You are still hot in my book. I wanna dry hump u like a 9th grader then hump for real when the herpes is gone.
he confessed his love for me, threw up on my pillow and then fell asleep on said pillow. i met him last night.
better than last weekend. things are really looking up for you.
genius alert. I just invented a contraption made of toilet paper and rubber bands that makes it so your balls don't stick to your leg when you wake up from sleeping. I call it, The Balldozer
i will pay you if you can come get me. he just suggested that we would have a hockey themed wedding.
you broke a plate. told her her wedding china was ugly and you were doing her a favor. then proceeded to break every plate you could get your hands on.

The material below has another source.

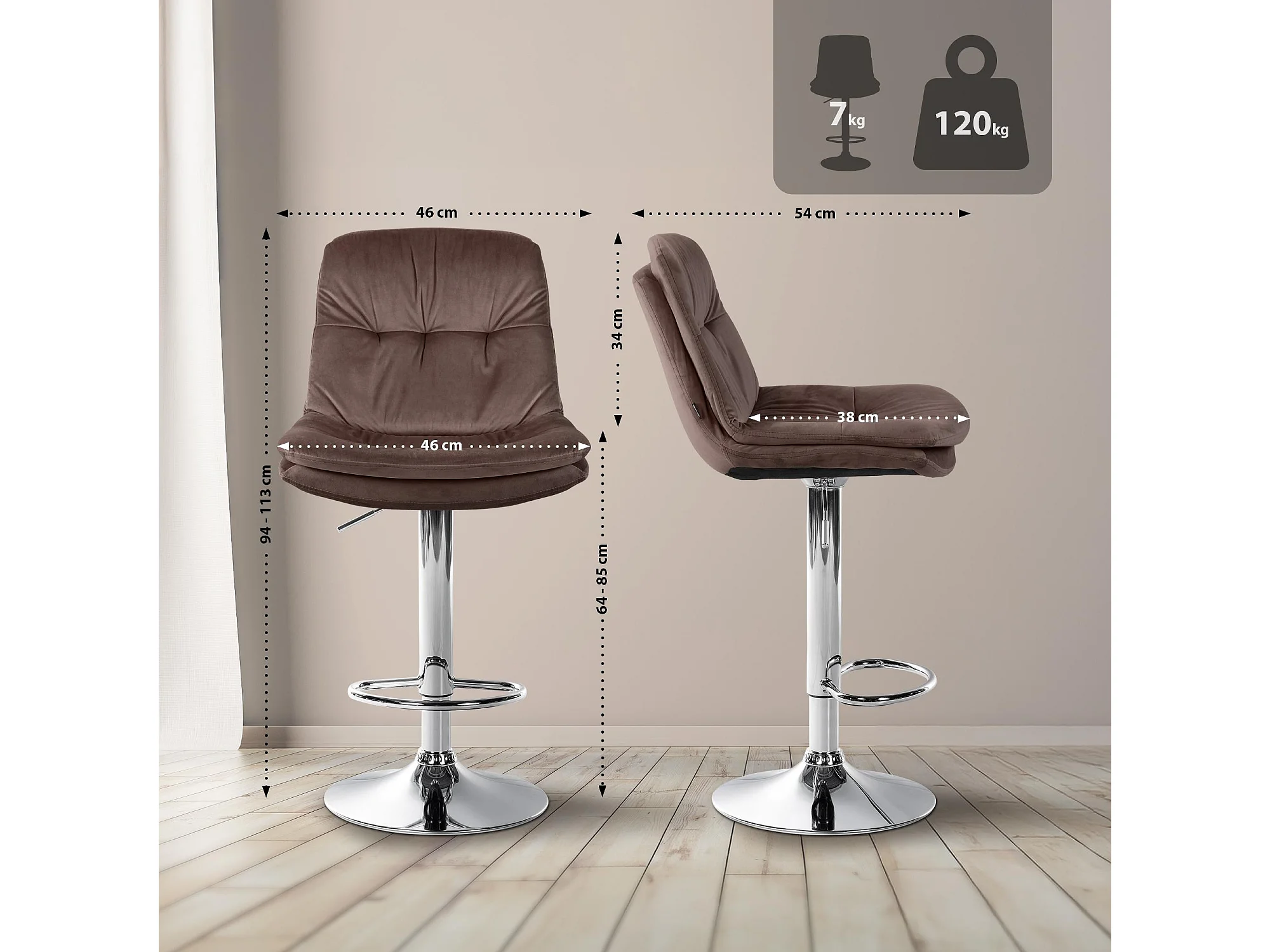 Tabouret de bar - Velours & Chrome - Marron - Milet

So last night ended up making out with a girl going to jail on sunday...she wrote down her address so I can make conjugal visits...
Holy fuck, spaghetti burritos are the best idea I've ever had.

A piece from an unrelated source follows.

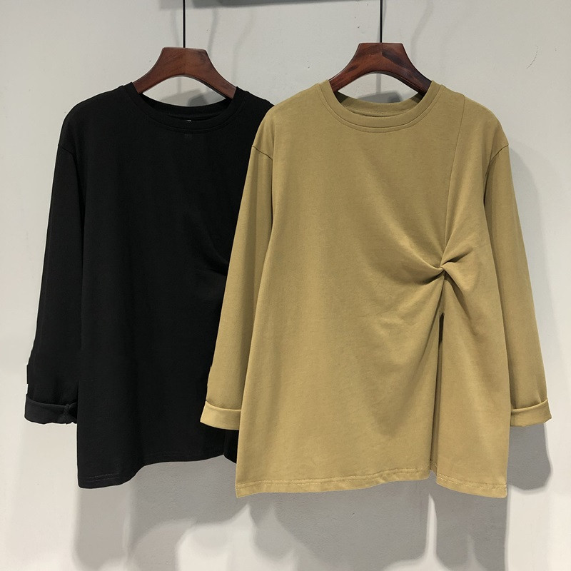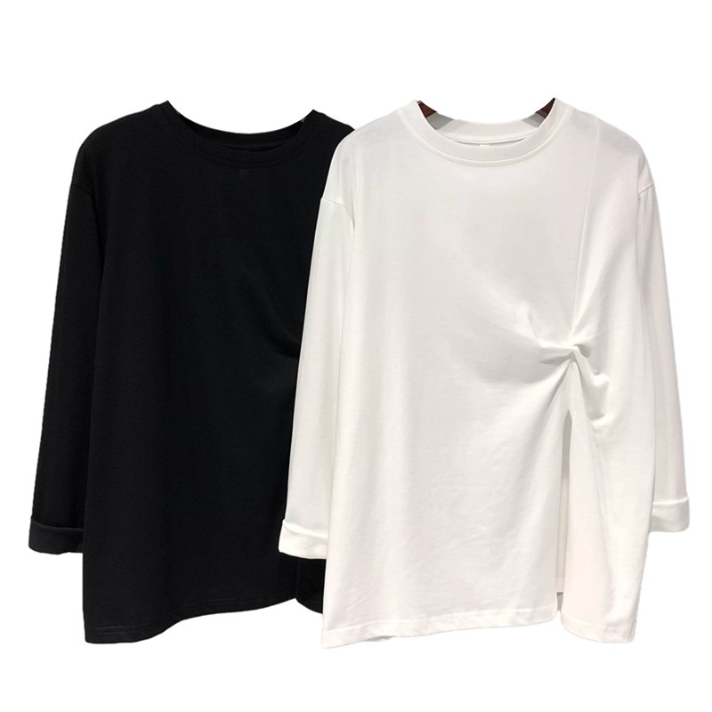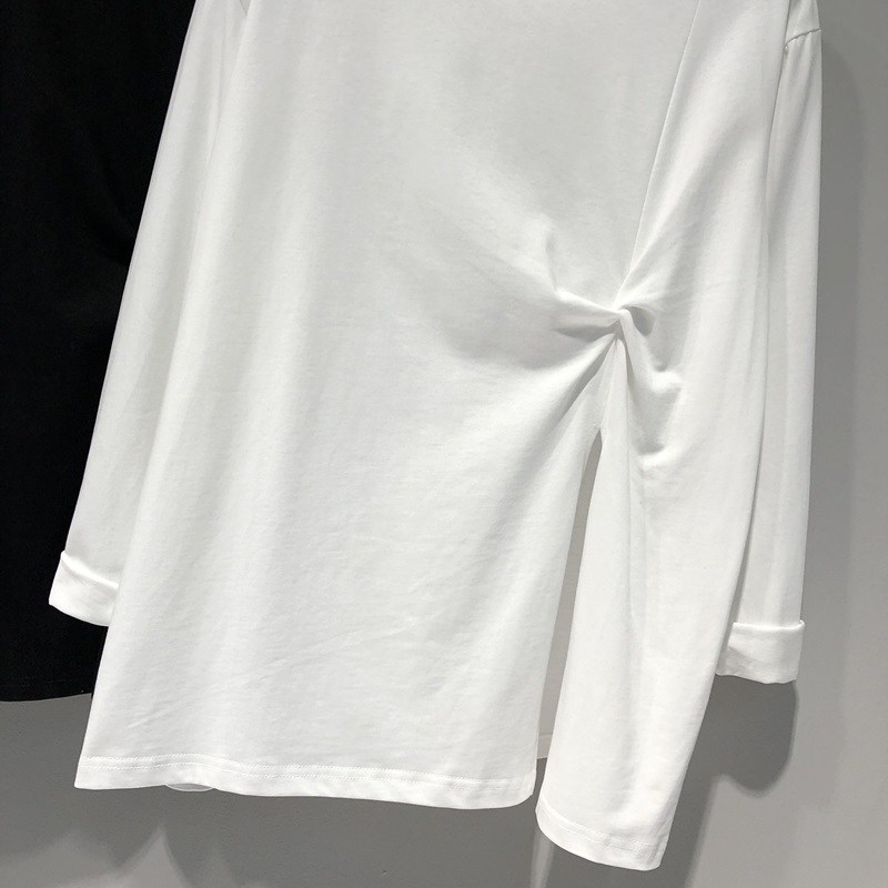 长袖 漂亮打底衫 上衣ins 早秋洋气小衫 白色t恤女宽松不规则开叉大码

Did you really lure me out of the bar with a blond holding a dunkin donuts bag? Well played sir, well played.
If you two are having sex, stop. I have something really important to ask you about psychics.

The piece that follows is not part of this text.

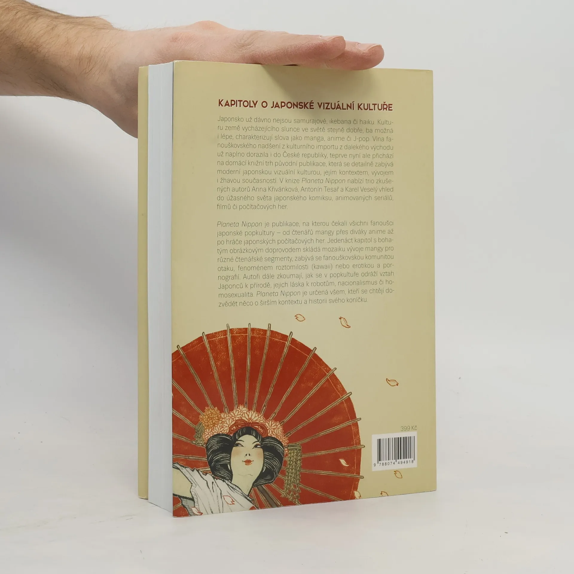 Japonsko už dávno nejsou jenom samurajové, ikebana či haiku. Kulturu země vycházejícího slunce ve světě stejně dobře – ba možná i lépe – charakterizují slova jako manga, anime či J-pop. Vlna fanouškovského nadšení z kulturního importu z dalekého východu už naplno dorazila i do České republiky, teprve nyní ale přichází na domácí knižní trh původní publikace, která se detailně zabývá moderní japonskou vizuální kulturou, jejím kontextem, vývojem i žhavou současností. V knize Planeta Nippon nabízí trio zkušených autorů Anna Křivánková, Antonín Tesař a Karel Veselý vhled do úžasného světa japonského komiksu, animovaných seriálů, filmů či počítačových her. Planeta Nippon je publikace, na kterou čekali všichni fanoušci japonské popkultury – od čtenářů mangy přes diváky anime až po hráče japonských počítačových her. Jedenáct kapitol s bohatým obrázkovým doprovodem skládá mozaiku vývoje mangy pro různé čtenářské segmenty, zabývá se fanouškovskou komunitou otaku, fenoménem roztomilosti (kawaii) nebo erotikou a pornografií. Autoři dále zkoumají, jak se v popkultuře odráží vztah Japonců k přírodě, jejich láska k robotům, nacionalismus či homosexualita. Planeta Nippon je určená všem, kteří se chtějí dozvědět něco o širším kontextu a historii svého koníčku.

Any chance you used one if the curtain rods in the fireplace room as a sword? One is missing
Volunteering at a homeless shelter a bum asked if he could lick me cause I still reeked of whiskey. Being a bumsickle=epic hangover
Only three months past my 21st and I'm done. So many life lessons in so little time.
I mean, if there was a version of you with a penis, you'd fuck it...right? Like just outta curiosity at least
Still alive. Just brushed my teeth with fireball.
He talked me out going to the bar. No one ever talks me out going to the bar..this is fucking love.